Records from a data collection

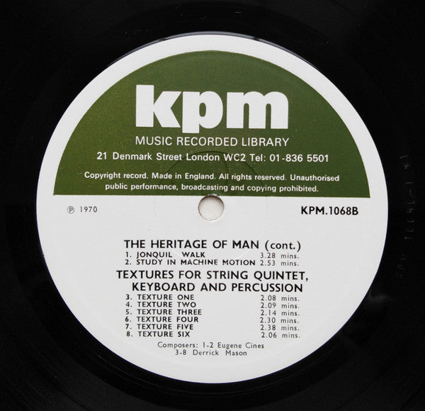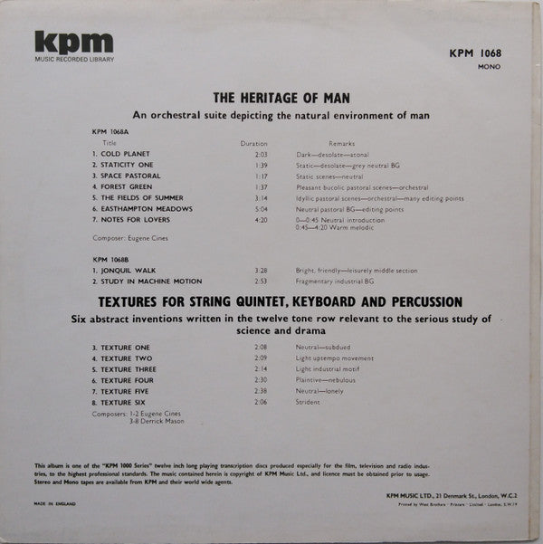 Eugene Cines / Derrick Mason - The Heritage Of Man/Textures For String Quartet, Keyboard, & Percussion - LP - Very Good Plus (VG+)
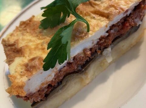 Griekse Moussaka met gehakt, aardappel, aubergine, romige bechamel en Parmezaans
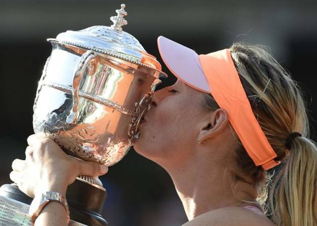 Вчера Мария Шарапова взяла свой второй кубок Roland Garros, выиграв у румынки Симоны Халеп. И в воскресенья она с удовольствием устроила фотосессию со своим трофеем на фоне знаковой Эйфелевой башни.
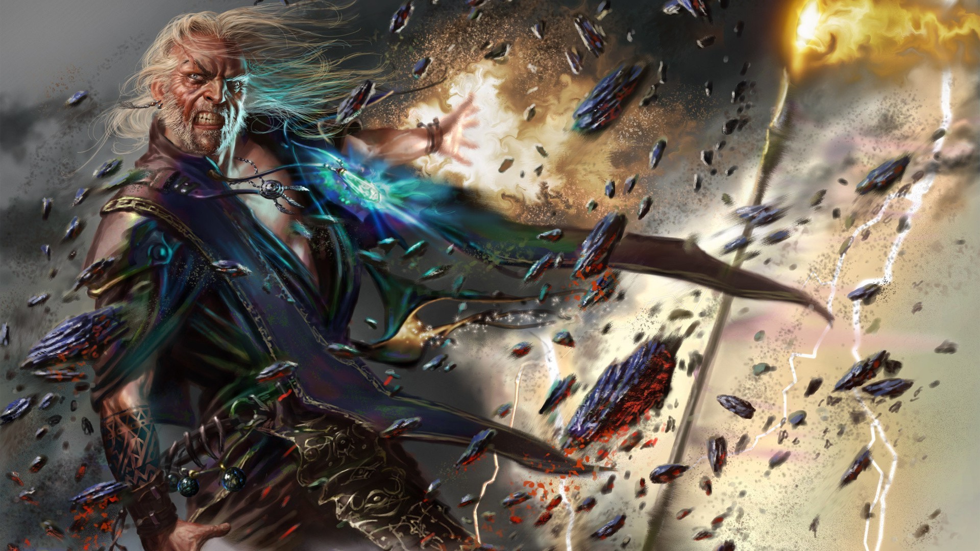 Ein Fantasy-Roboter, der sich auf einen Angriff vorbereitet
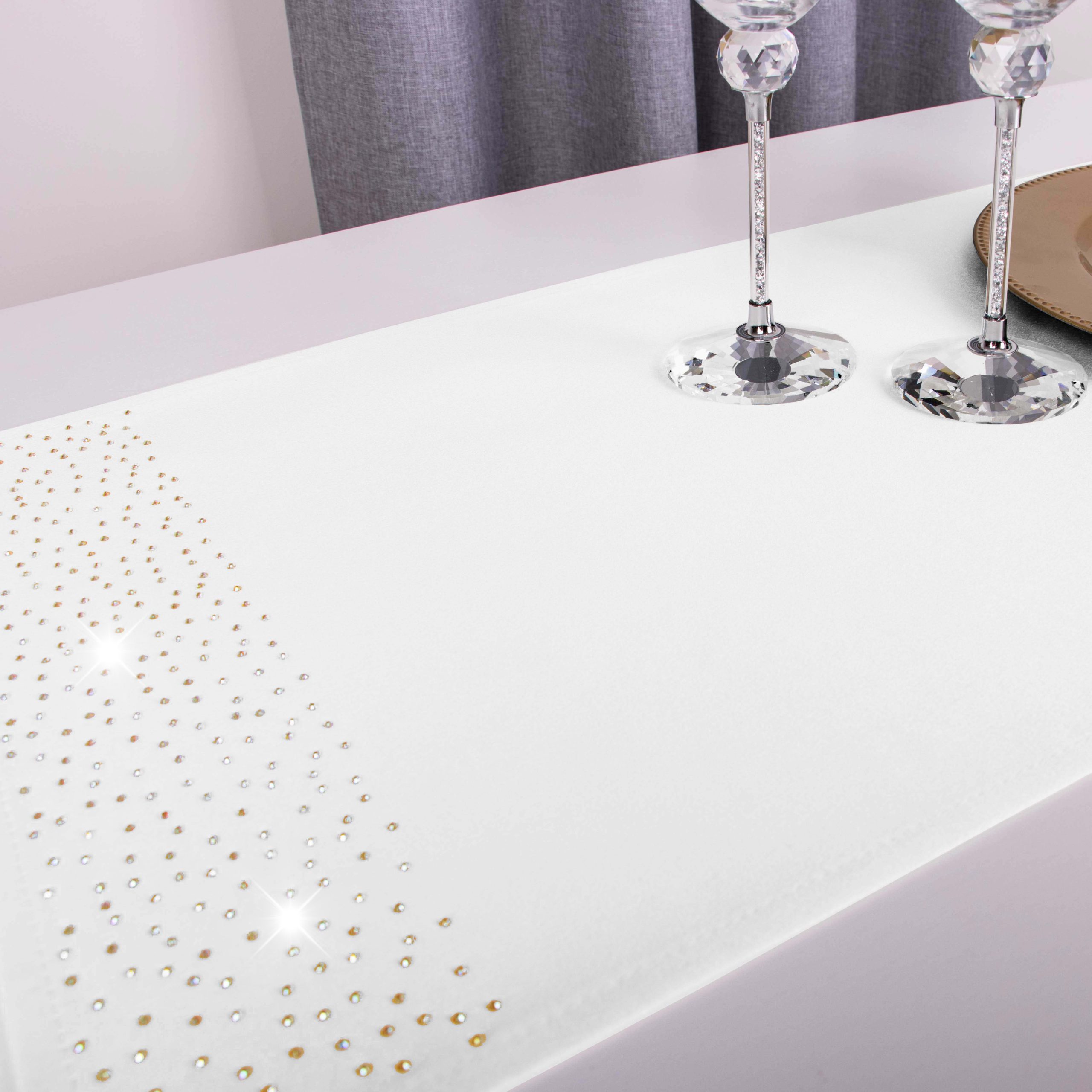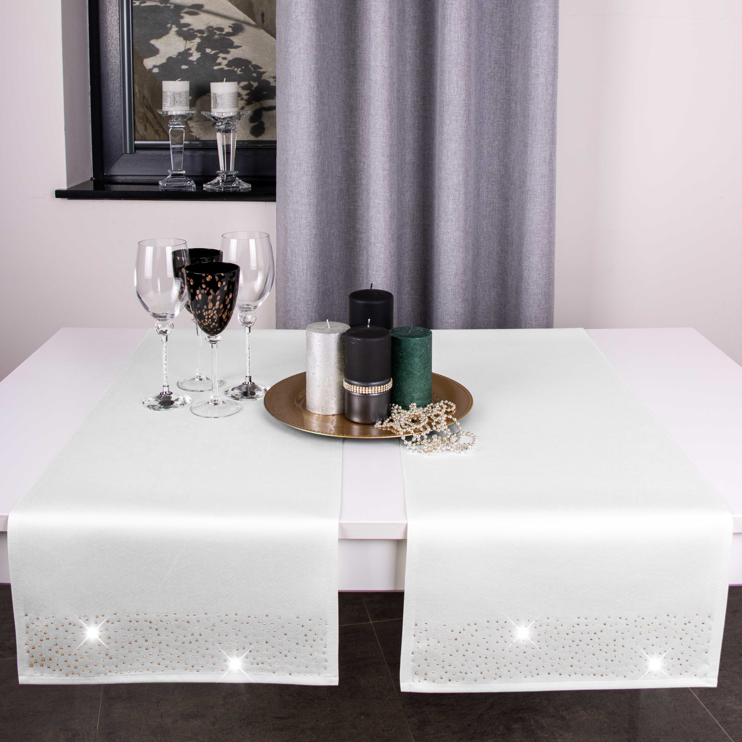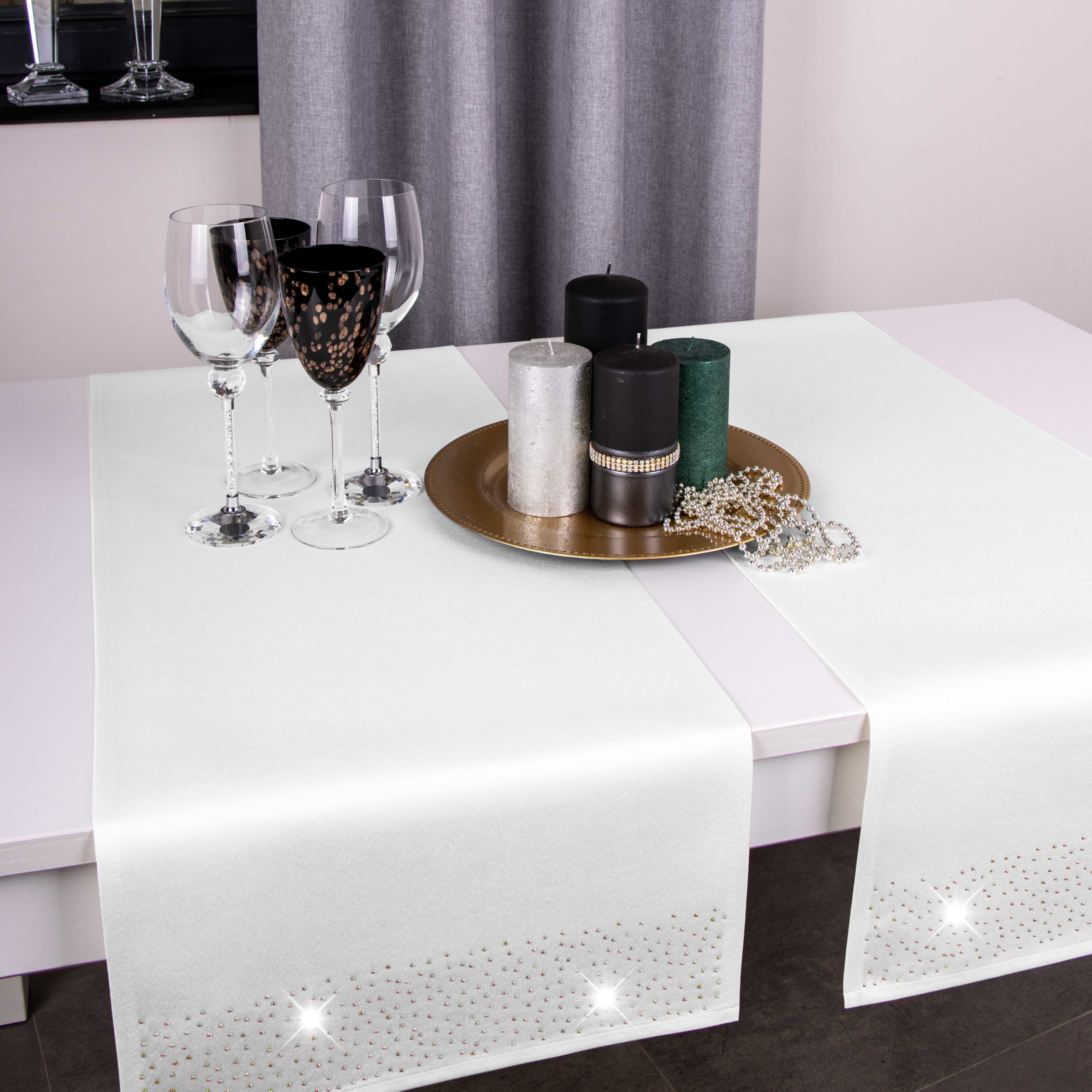 Pasy doskonale pasują do większości salonów i jadalni, ale znajdą również zastosowanie w restauracjach, hotelach oraz kafejkach. Ich niepowtarzalny wygląd idealnie komponuje się z kontrastującymi dodatkami takimi jak zastawa stołowa, sztućce czy świeczniki. Pasy zdobione są na obu końcach kryształkami.

### What to work on
Reproduce each entry above word for word. Pictures are not part of the copy.

### Your response
 Eugene Cines / Derrick Mason - The Heritage Of Man/Textures For String Quartet, Keyboard, & Percussion - LP - Very Good Plus (VG+)
 Griekse Moussaka met gehakt, aardappel, aubergine, romige bechamel en Parmezaans
 Вчера Мария Шарапова взяла свой второй кубок Roland Garros, выиграв у румынки Симоны Халеп. И в воскресенья она с удовольствием устроила фотосессию со своим трофеем на фоне знаковой Эйфелевой башни.
 Ein Fantasy-Roboter, der sich auf einen Angriff vorbereitet
 Pasy doskonale pasują do większości salonów i jadalni, ale znajdą również zastosowanie w restauracjach, hotelach oraz kafejkach. Ich niepowtarzalny wygląd idealnie komponuje się z kontrastującymi dodatkami takimi jak zastawa stołowa, sztućce czy świeczniki. Pasy zdobione są na obu końcach kryształkami.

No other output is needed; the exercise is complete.